Un’icona newyorkese raccontata come sempre con passione dai miei alunni. Un articolo scritto qualche anno fa ma sempre attuale e interessante. Per un corso PON, gli allievi della 3E hanno sviluppato diversi argomenti e trattato diverse opere architettoniche. In questo caso uno dei primi edifici a sviluppo verticale della metropoli americana. Scopritelo anche voi con me leggendo questo interessantissimo e approfondito scritto. Buona lettura a tutti.
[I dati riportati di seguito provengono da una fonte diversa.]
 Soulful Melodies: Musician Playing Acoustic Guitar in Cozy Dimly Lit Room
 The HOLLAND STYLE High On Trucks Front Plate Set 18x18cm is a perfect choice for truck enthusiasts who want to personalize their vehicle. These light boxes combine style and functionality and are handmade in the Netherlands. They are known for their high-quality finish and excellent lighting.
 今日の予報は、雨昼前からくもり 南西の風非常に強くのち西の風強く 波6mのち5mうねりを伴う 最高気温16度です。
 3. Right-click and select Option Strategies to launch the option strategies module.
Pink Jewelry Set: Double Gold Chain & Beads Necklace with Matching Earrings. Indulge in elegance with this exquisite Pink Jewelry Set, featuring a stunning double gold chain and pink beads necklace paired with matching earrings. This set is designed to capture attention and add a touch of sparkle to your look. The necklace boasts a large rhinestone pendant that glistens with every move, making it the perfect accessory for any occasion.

Flatiron 02FLATIRON BUILDING

Il Fuller Building, meglio noto come Flatiron Building (Ferro da stiro), è stato uno dei più alti grattacieli di New York sin dal suo completamento nel 1902. Situato a Manhattan, l’edificio fu progettato dall’architetto di Chicago, Daniel Burnham in stile Beaux-Arts su un lotto triangolare compreso tra la 23a strada, la 5th Avenue e Broadway guardando su Madison Square. La caratteristica pianta triangolare e l’altezza (87 metri su cui sono distribuiti 22 piani), furono i fattori più immediatamente in contrasto con lo scenario di una cittadina ai primissimi anni del Novecento.
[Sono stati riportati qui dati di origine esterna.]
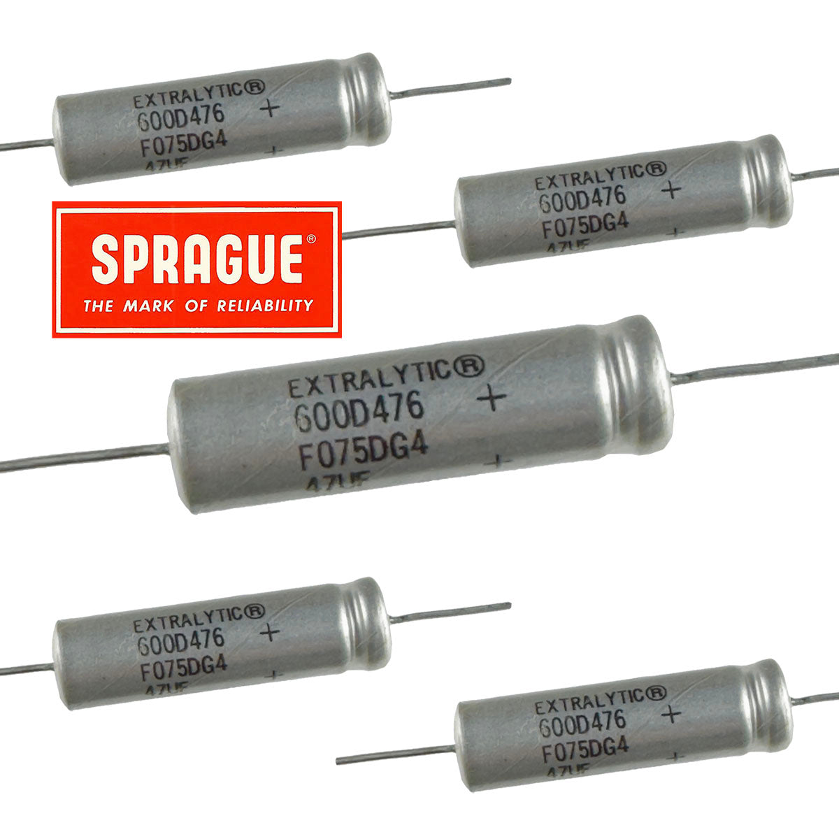 Very high quality Sprague Extralytic® 47uF 75V Aluminum case axial electrolytic capacitor. Size of case 10mm (dia.) x 37mm long (excluding long axial leads). The Sprague Extralytic® label denotes one of the best axial capacitors made that are sought after by audio amplifier/guitar enthusiasts. Sold in a Package of 5. Brand new - being sold currently online for up to $25 each!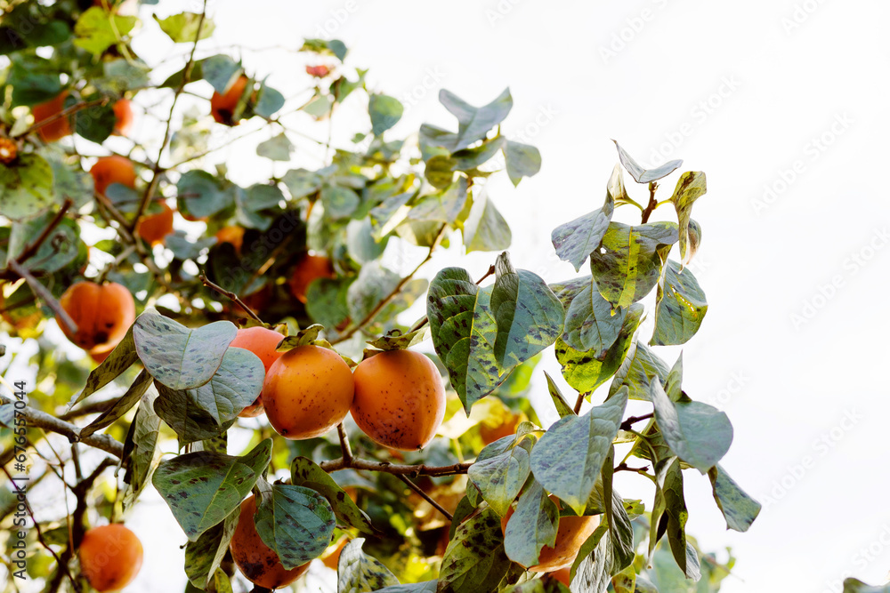 Fresh fruits of bright persimmon ripen on a tree branch, close-up, selective soft focus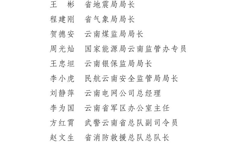 原标题:速看!调整后的云南省安全生产委员会组成人员名单来了!

Al momento della sua ultimazione, nel 1902, l’edificio, per le innovazioni tecniche presentate rispetto alle cognizioni di oltre 100 anni fa, divenne subito il simbolo dell’ambizione di New York ad essere la prima città a sviluppo verticale ed il cuore dell’economia moderna. La sua inaugurazione era destinata a suscitare stupore per più ordini di fattori. Innanzitutto la caratteristica pianta triangolare, la quale costituì un’originale soluzione stilistica dell’architetto ad una difficoltà specifica del lotto in cui doveva sorgere il palazzo: l’intersezione ad angolo acuto della 5th Avenue con Broadway che ha, infatti, la particolarità d’essere l’unica strada che percorre Manhattan in diagonale, creando in tal modo dei lotti di terreno dalla forma triangolare nel punto in cui quest’importante arteria incrocia la griglia di strade ad angolo retto della parte superiore di Manhattan. La ditta di costruzioni Fuller Construction & Co. diede incarico al famoso architetto Daniel Burnham di realizzare un edificio per uffici, che avrebbe dovuto chiamarsi “Fuller Building”. Nell’originale soluzione stilistica adottata da Burnham non rientra solo la pianta triangolare. Gli angoli arrotondati dell’edificio furono da lui realizzati con lo scopo di dare, da alcune prospettive, l’illusione di osservare una colonna nel cuore di Manhattan. Burnham disegnò appositamente la forma degli angoli e divise i 22 piani della struttura in 3 sezioni distinte proprio come in una colonna della Grecia classica, comprendente base, corpo centrale e parte terminale.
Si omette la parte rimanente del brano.